Depuis des années, on parle d’hygiène menstruelle. Ce mot, largement utilisé dans les politiques publiques, les campagnes de sensibilisation ou les manuels scolaires, enferme les règles dans un cadre strictement sanitaire et biomédical. Il suggère que les menstruations sont sales, qu’il faut les cacher, les “gérer”. Et si justement, ce vocabulaire perpétuait la honte ? C’est ce que questionne le projet « Sang pour Sang : Uni·e·s pour la dignité », actif dans neuf pays en Afrique, Asie et Caraïbes. il faut changer de narratif. Passer d’un discours basé sur le contrôle des corps à une approche centrée sur la dignité et les droits humains.
Dans les pays concernés par ce projet piloté par Equipop et l’AFD, 93 % des personnes menstruées déclarent avoir subi au moins une forme de discrimination liée à leurs règles, ce qui est un chiffre alarmant. Derrière lui se cachent des récits d’exclusion, de honte, d’interdits absurdes : ne pas cuisiner, ne pas entrer dans un temple, ne pas aller à l’école. Dans bien des cultures, les menstruations restent synonymes d’impureté, une idée qui traverse les continents, les langues et les normes sociales. Le silence et la stigmatisation nourrissent une honte internalisée, transmise dès l’adolescence, particulièrement chez les filles et les personnes marginalisées.
Ce qu’on appelle “hygiène menstruelle” est en réalité un héritage du patriarcat : une manière de réguler et de contrôler les corps. Les règles deviennent un objet de contrôle social, un marqueur d’infériorité, un tabou qu’il ne faut surtout pas évoquer. Résultat : les personnes menstruées sont souvent réduites au silence, à l’invisibilité, à l’exclusion.

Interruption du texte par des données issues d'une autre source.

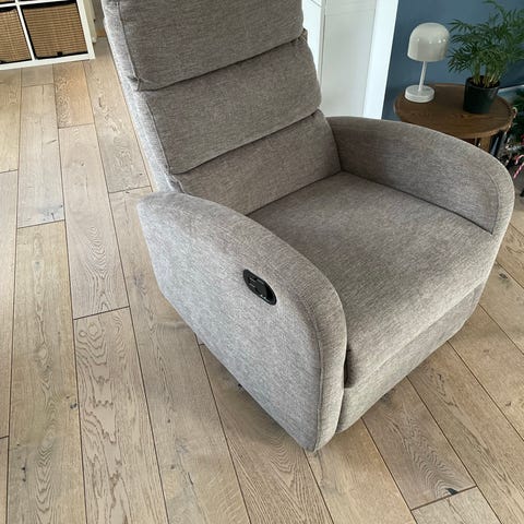 Mio reclinerfåtölj i grått plysch tyg. Fåtöljen har en mjuk sittdyna och stoppade armstöd, fällbar i rygg och benstöd, hela fåtöljen går att vippa. Du ställer in läge med fjärrkontroll, skön som TV-fåtölj men också för att ta en "tupplur" i... Tyget är rent, det är skiftningar i plyschytan på bilden...
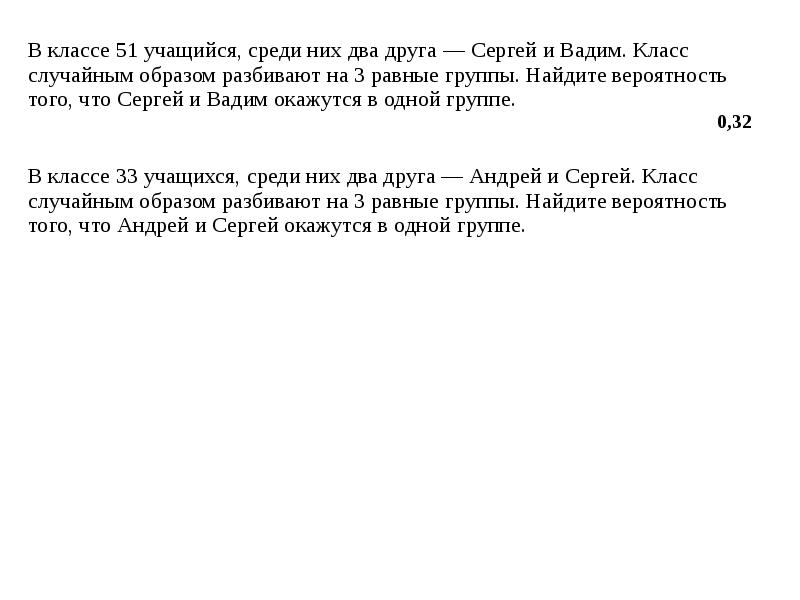 - 38. Ларин. Вариант № 26. У мальчика есть 8 шариков 6 белых и 2 красных. Он раскладывает их наугад в две коробочки по 4 шарика. Найдите вероятность того, что красные шарики окажутся в разных коробочках. Ответ округлите до сотых.
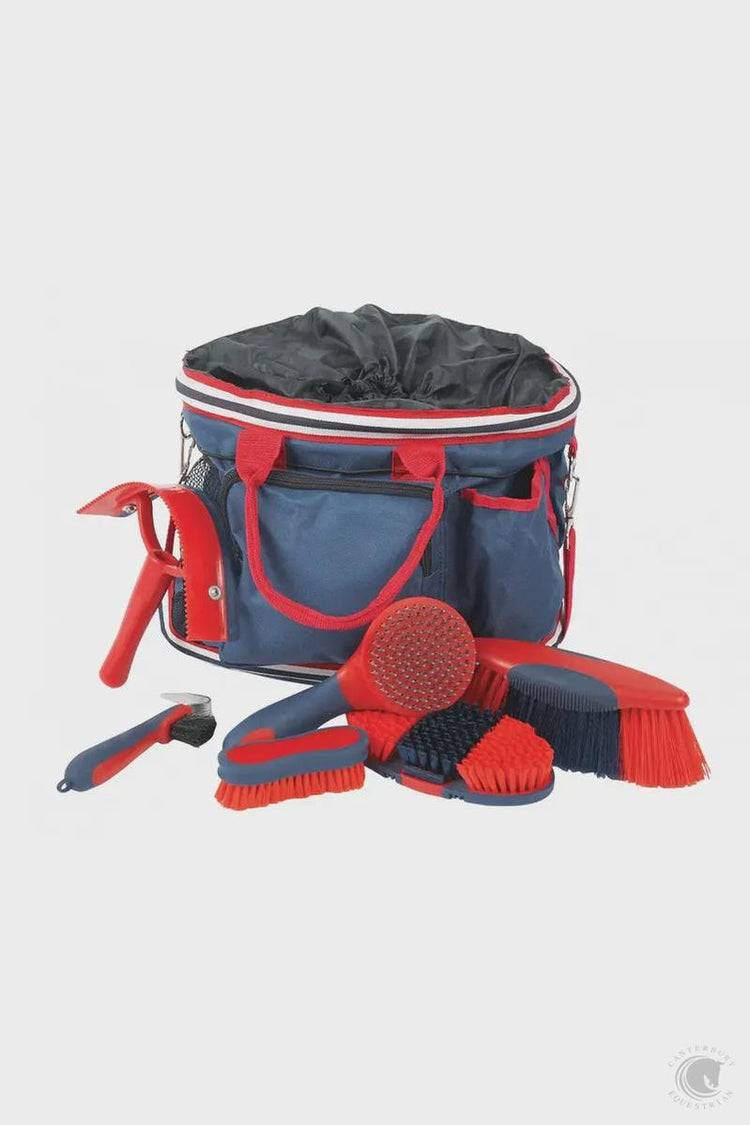 The Grooming Kit contains a body brush, dandy brush, sweat scraper, face brush, hoof pick and mane and tail brush.
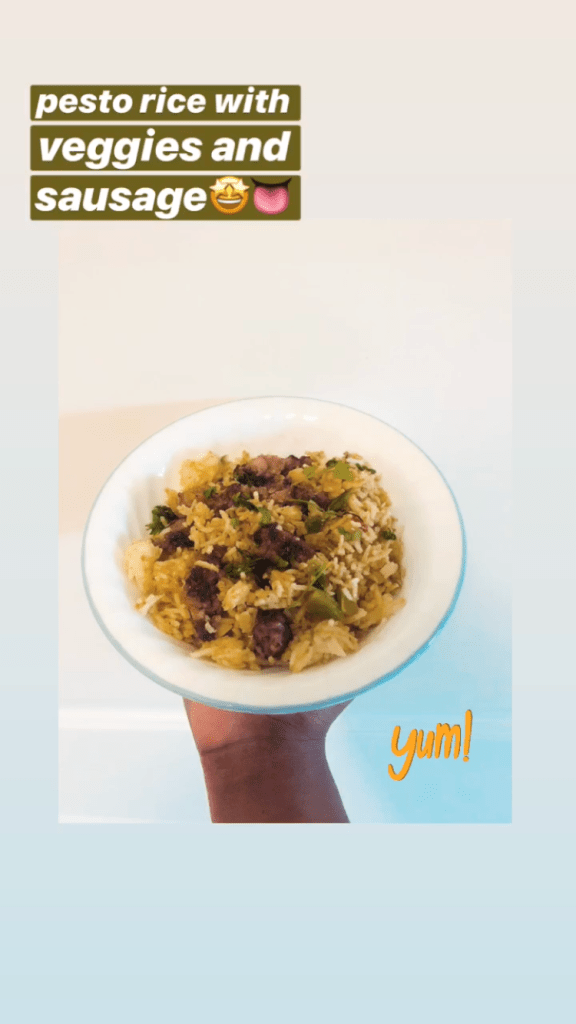 Alright, ready to get your chef on? In a pan, heat up the oil, and then sautee onions, throw on a pinch of salt on there (my mom always said to, it helps the onions cook faster, so I do). After the onions are soft, about 3-4 mins in, add the bell peppers and add 3 spoons of the pesto, sautée for 2 minutes and then throw in the rice. Add the remaining 1 more spoon of the pesto. Add salt and pepper and cayenne. Mix together until the rice is green all over.

De même, tant que les réponses institutionnelles se limitent à la distribution de produits sans remettre en cause cette logique de honte, rien ne changera durablement, car ce n’est pas qu’une question de serviettes ou de tampons : c’est une question de justice sociale. Il est donc temps de repenser entièrement le traitement des menstruations dans la société. Et cela commence par un mot : dignité. La dignité menstruelle, c’est pouvoir avoir ses règles sans honte, sans peur, sans jugement, avec accès à des informations fiables, des produits surs, des lieux adaptés, dans un climat de respect, d’écoute, et de liberté de choix.

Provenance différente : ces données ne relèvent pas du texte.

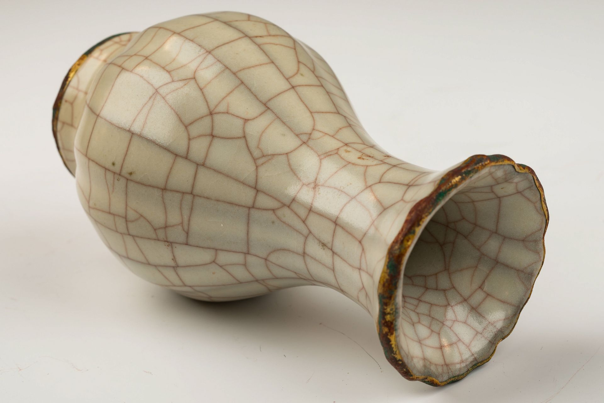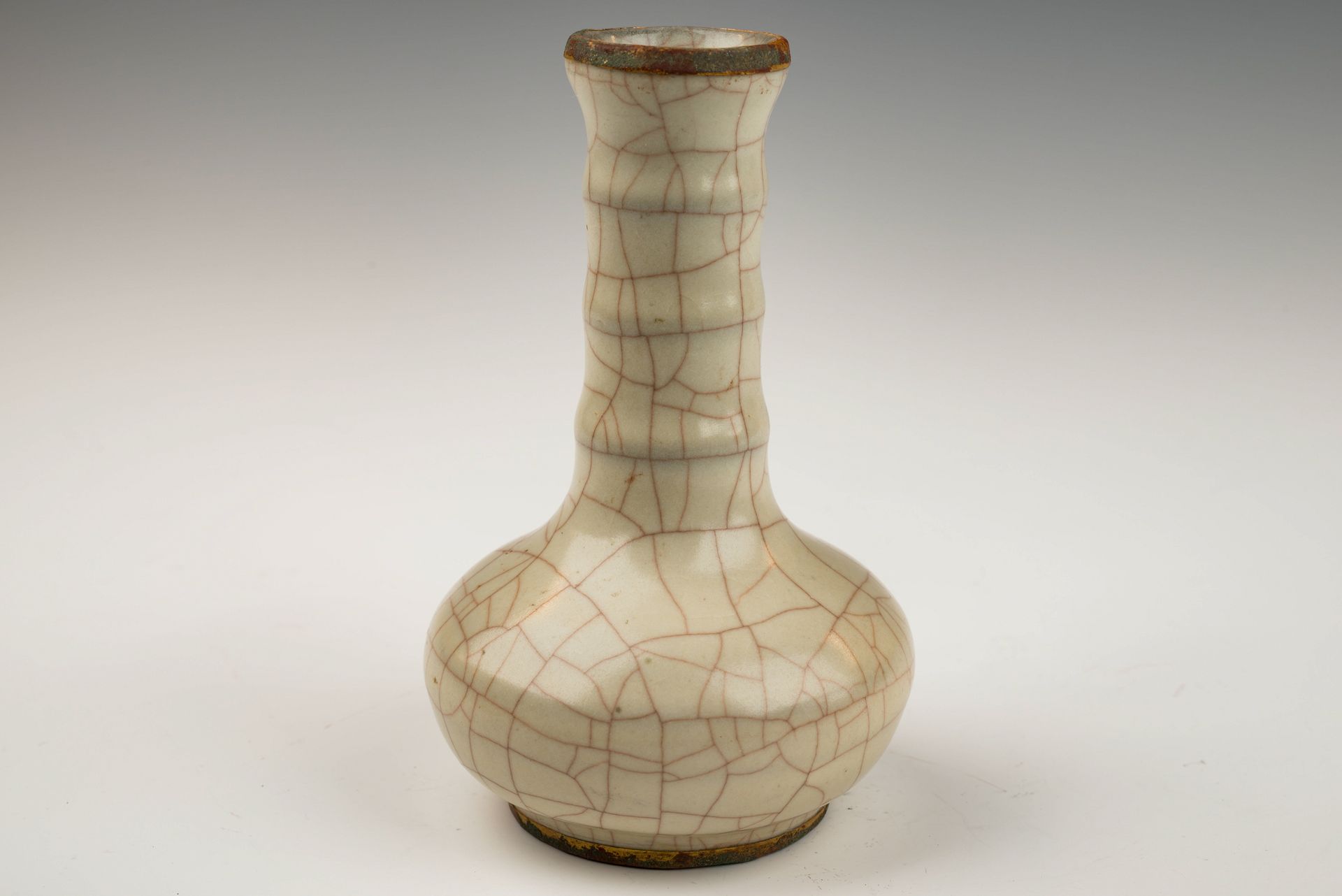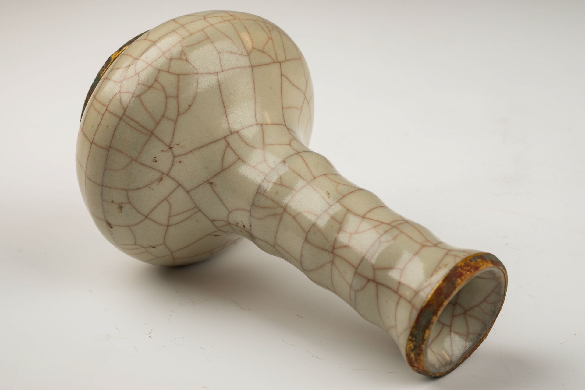 مزهرية غوان ياو، مصنوعة من فرن غوان الإمبراطوري الرسمي من عهد أسرة سونغ، برقبة من الخيزران المتشقق مع أشرطة مطلية بالذهب بالنار

Changer les mots de “serviette hygiénique” à “serviette menstruelle”, de “gestion de l’hygiène” à “prise en compte des besoins dans la dignité” c’est changer de regard. Ce n’est plus une question de propreté, mais de respect, de vécu, de dignité. Et si on parlait enfin de dignité menstruelle ? Brisons les tabous. Changeons les normes. Utilisons les bons mots.